### RECORDS
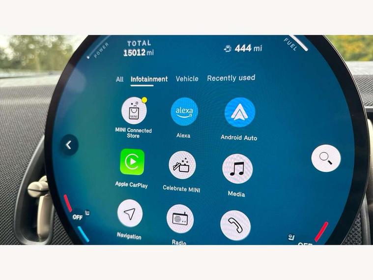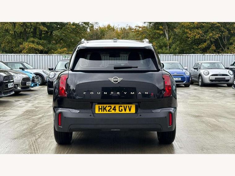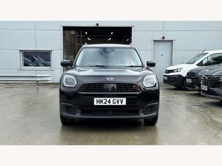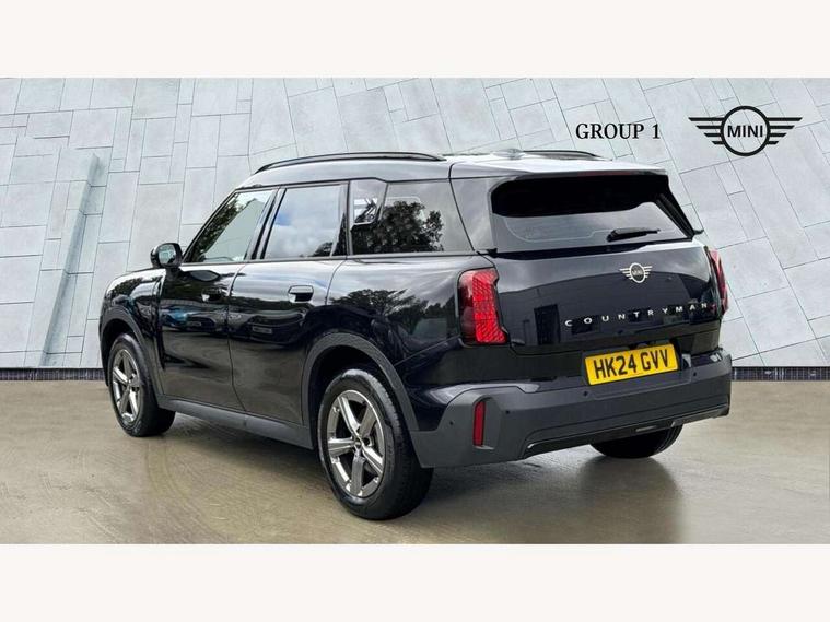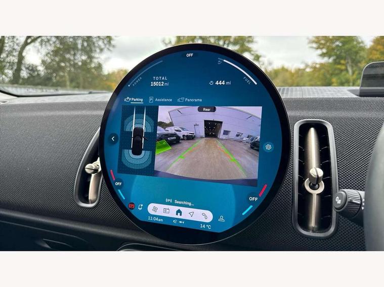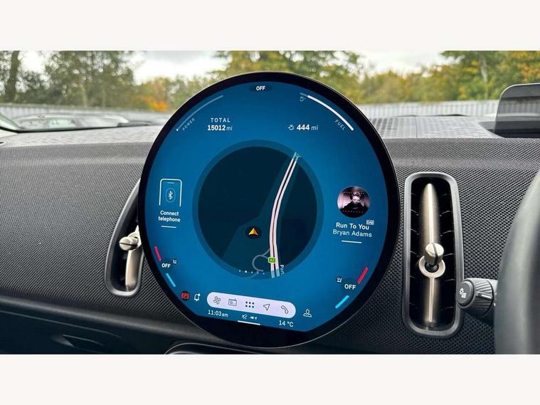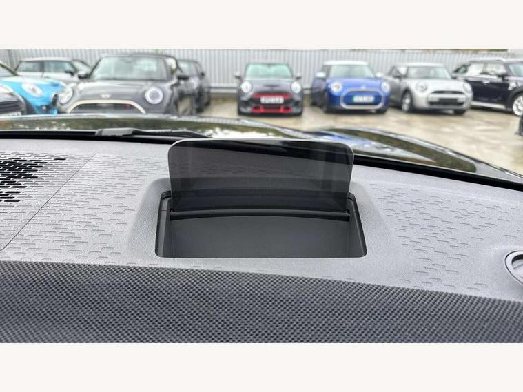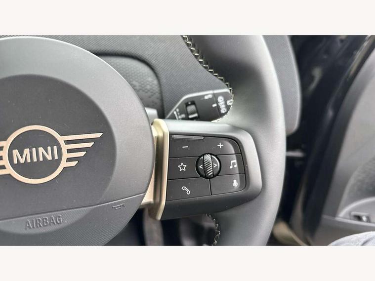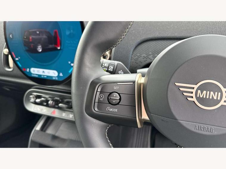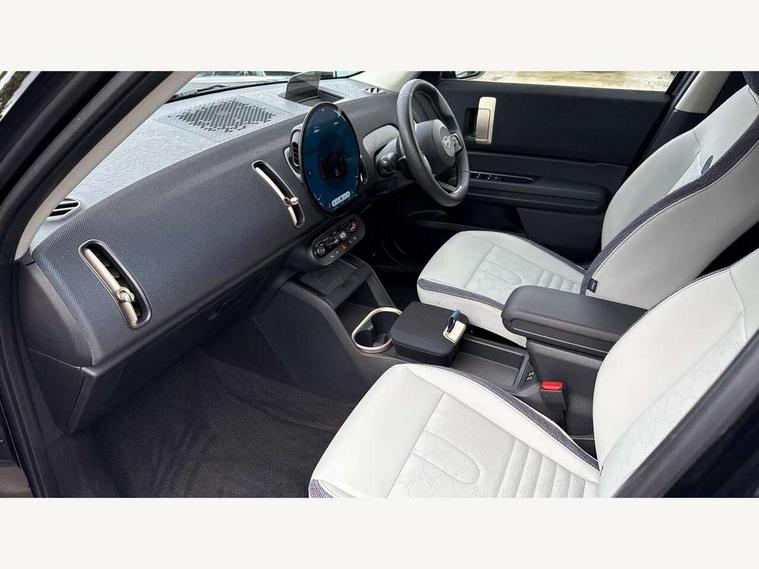 Bluetooth connection, Circular OLED Screen, Compatible mobile phone bluetooth with audio streaming, Cruise Control (DCC), Digital dashboard display, Driving Assistant Plus Preparation, E-call, Electro-mechanical speed dependant steering assistance, MINI Experience Modes, MINI Head up display, Mini navigation system, MINI TeleServices, Parking assistant in camera and ultrasound based assistance system, rear view camera, parking aid and distance control, Auto transmission with Paddles, Larger capacity fuel tank, 6 speakers, DAB Digital radio, Auto tailgate, Electric adjustable heated door mirrors, Front and rear electric windows, Heated rear window, High beam assistant, Interior rear-view mirror with automatic anti-dazzle function, LED daytime running lights, LED headlights with extended contents including Adaptable light signatures, LED rear lights, LED third brake light, Rain sensor with auto headlights, Rear side wing doors, Rear window wiper, Roof rails, 3 Seat sliding rear bench in 2nd row, 60/40 split rear bench seat, Auto air conditioning, Driver and front passenger seat heating, Floor mats, Front armrest, Front headrests, Heated steering wheel, Height and length steering column adjustment, Light headliner, Luggage compartment separating net, Rear headrests, Seat adjustment for rear seats, Single front passenger seat, Sport Vescin Steering Wheel, Sunvisors with vanity mirrors, Vescin/Cloth upholstery, Wireless charging tray, Interior and exterior mirror package - Mini Countryman, 3x3 point rear seat belts, 6 Airbags - front, side, head and seat belt tensioners, ABS, DSC - Dynamic Stability Control, Electronic handbrake, Electronic Stability Programme (ESP), Front ISOFIX (iSize), Hill hold assist, Hill start assist, Manual rear child locks, Traction control, Tyre pressure monitoring system, Warning triangle, Alarm system with tilt sensor, monitoring doors, bonnet interior and tailgate, Auto drive away locking, Comfort access system, Deadlocking function, Electronic vehicle immobiliser, Locking wheel bolts, Remote control locking, Start/stop toggle with keyless go, Black/Blue dashboard knit, MINI Mobility Kit,
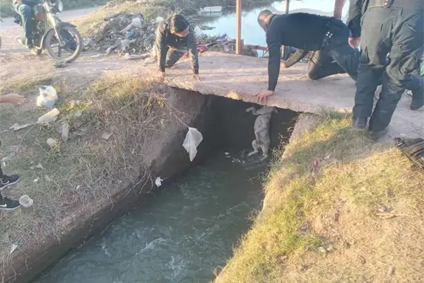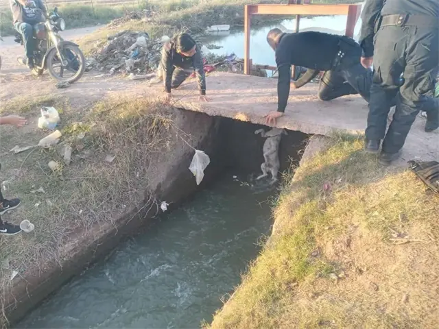 Se trata de «Güero», un perrito que es la mascota de una niña del ejido antes mencionado, quien al ver la patrulla le salió al paso a los elementos y desesperadamente les pidió ayuda, ya que la corriente lo arrastraba hacia una compuerta .
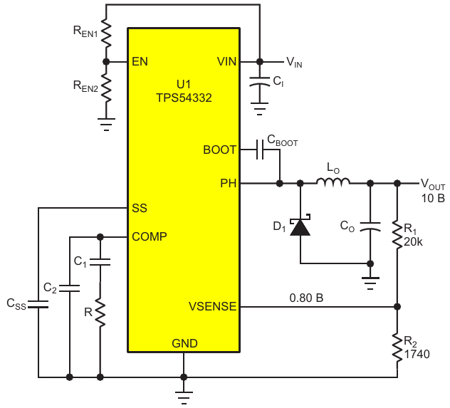 Добавьте один резистор, чтобы управлять выходным напряжением импульсного регулятора с помощью ЦАП
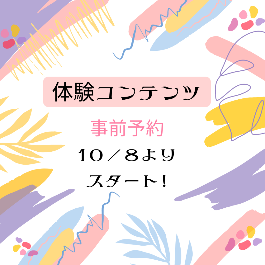 体験型コンテンツの事前予約、10/8より受付スタート♪
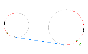 该图元与两条附着曲线 (2) 均保持相切。该图元存在四种可能的解决方案,具体取决于曲线的方向。
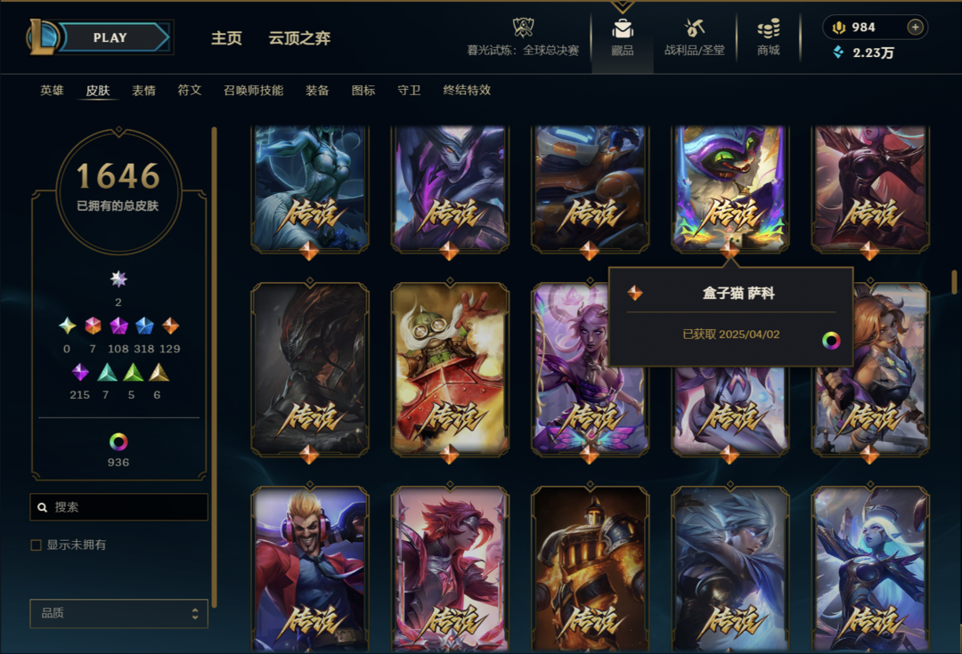 装备描述:全英雄,热门跟限定皮肤多,云顶跟联盟体验感好
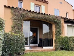 Rare à la vente. Située aux Issambres, au sein d'une résidence fermée et sécurisée avec piscine, cette charmante maison jumelée de style provençal bénéficie d'une position dominante sans vis-à-vis et d'une vue panoramique sur la mer et les collines. La mer et les plages de sable se trouvent à seulement 1,3 km.
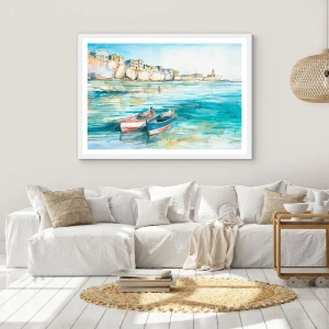 Poster in einem weißen Rahmen - Landschaft in Azurblau - 70x100 cm
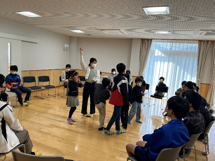 ボランティアと一緒に勉強をした後、みんなでゲームをして遊びました。
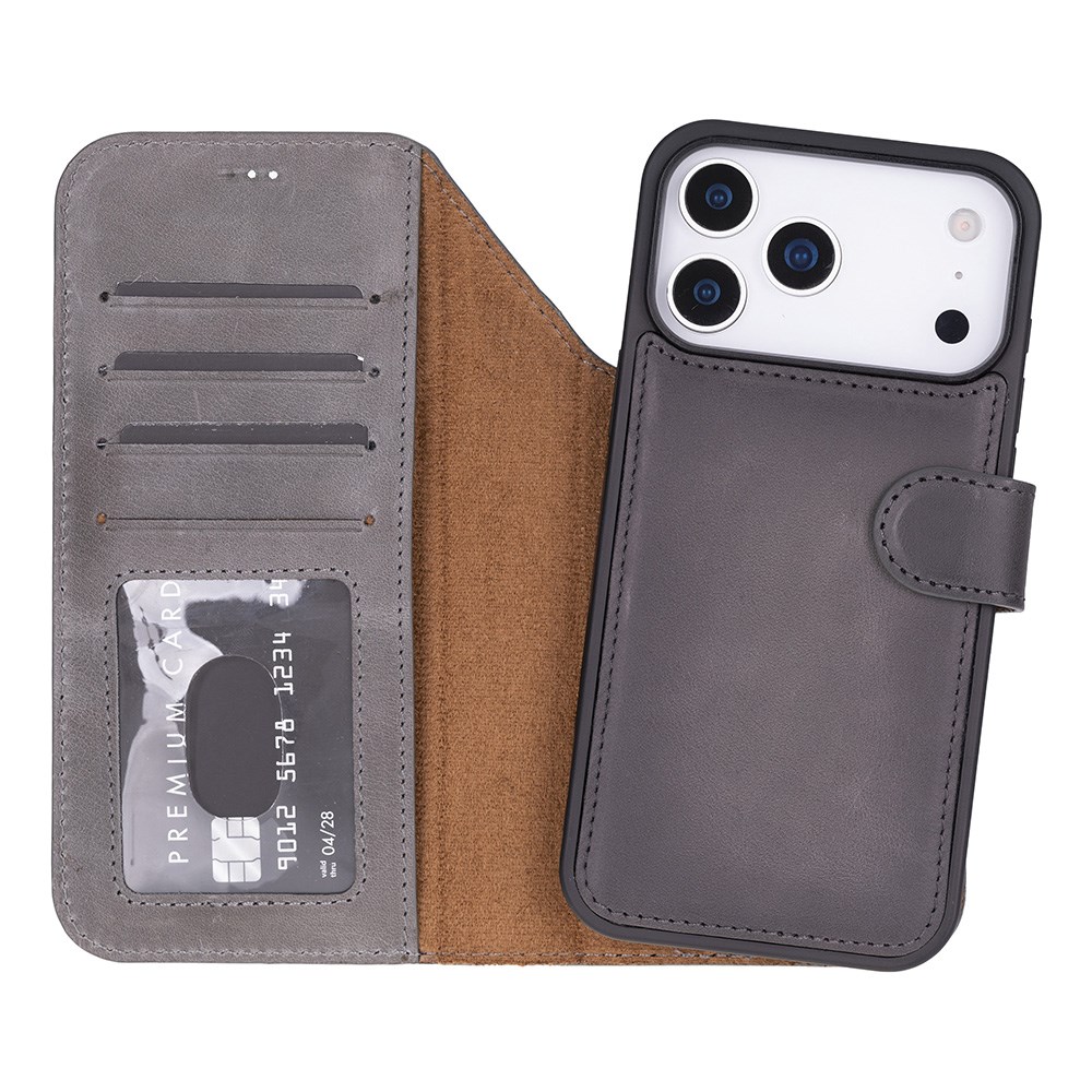 Apple iPhone 17 Pro Max için, Hakiki Deri, El Yapımı Cüzdanlı Kılıf, Magsafe ile uyumlu, İç Yüzeyi Kadife, Duman Gri
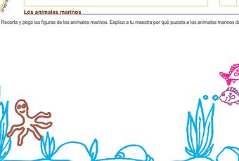 Actividad a realizar: Recorta y pega las figuras de los animales marinos. Explica a tu maestra por qué pusiste a los animales marinos de esa manera.

### WHAT THE TASK REQUIRES
The listing is to be repeated word for word, with all pictures omitted.

### REPLY
 Bluetooth connection, Circular OLED Screen, Compatible mobile phone bluetooth with audio streaming, Cruise Control (DCC), Digital dashboard display, Driving Assistant Plus Preparation, E-call, Electro-mechanical speed dependant steering assistance, MINI Experience Modes, MINI Head up display, Mini navigation system, MINI TeleServices, Parking assistant in camera and ultrasound based assistance system, rear view camera, parking aid and distance control, Auto transmission with Paddles, Larger capacity fuel tank, 6 speakers, DAB Digital radio, Auto tailgate, Electric adjustable heated door mirrors, Front and rear electric windows, Heated rear window, High beam assistant, Interior rear-view mirror with automatic anti-dazzle function, LED daytime running lights, LED headlights with extended contents including Adaptable light signatures, LED rear lights, LED third brake light, Rain sensor with auto headlights, Rear side wing doors, Rear window wiper, Roof rails, 3 Seat sliding rear bench in 2nd row, 60/40 split rear bench seat, Auto air conditioning, Driver and front passenger seat heating, Floor mats, Front armrest, Front headrests, Heated steering wheel, Height and length steering column adjustment, Light headliner, Luggage compartment separating net, Rear headrests, Seat adjustment for rear seats, Single front passenger seat, Sport Vescin Steering Wheel, Sunvisors with vanity mirrors, Vescin/Cloth upholstery, Wireless charging tray, Interior and exterior mirror package - Mini Countryman, 3x3 point rear seat belts, 6 Airbags - front, side, head and seat belt tensioners, ABS, DSC - Dynamic Stability Control, Electronic handbrake, Electronic Stability Programme (ESP), Front ISOFIX (iSize), Hill hold assist, Hill start assist, Manual rear child locks, Traction control, Tyre pressure monitoring system, Warning triangle, Alarm system with tilt sensor, monitoring doors, bonnet interior and tailgate, Auto drive away locking, Comfort access system, Deadlocking function, Electronic vehicle immobiliser, Locking wheel bolts, Remote control locking, Start/stop toggle with keyless go, Black/Blue dashboard knit, MINI Mobility Kit,
 Se trata de «Güero», un perrito que es la mascota de una niña del ejido antes mencionado, quien al ver la patrulla le salió al paso a los elementos y desesperadamente les pidió ayuda, ya que la corriente lo arrastraba hacia una compuerta .
 Добавьте один резистор, чтобы управлять выходным напряжением импульсного регулятора с помощью ЦАП
 体験型コンテンツの事前予約、10/8より受付スタート♪
 该图元与两条附着曲线 (2) 均保持相切。该图元存在四种可能的解决方案,具体取决于曲线的方向。
 装备描述:全英雄,热门跟限定皮肤多,云顶跟联盟体验感好
 Rare à la vente. Située aux Issambres, au sein d'une résidence fermée et sécurisée avec piscine, cette charmante maison jumelée de style provençal bénéficie d'une position dominante sans vis-à-vis et d'une vue panoramique sur la mer et les collines. La mer et les plages de sable se trouvent à seulement 1,3 km.
 Poster in einem weißen Rahmen - Landschaft in Azurblau - 70x100 cm
 ボランティアと一緒に勉強をした後、みんなでゲームをして遊びました。
 Apple iPhone 17 Pro Max için, Hakiki Deri, El Yapımı Cüzdanlı Kılıf, Magsafe ile uyumlu, İç Yüzeyi Kadife, Duman Gri
 Actividad a realizar: Recorta y pega las figuras de los animales marinos. Explica a tu maestra por qué pusiste a los animales marinos de esa manera.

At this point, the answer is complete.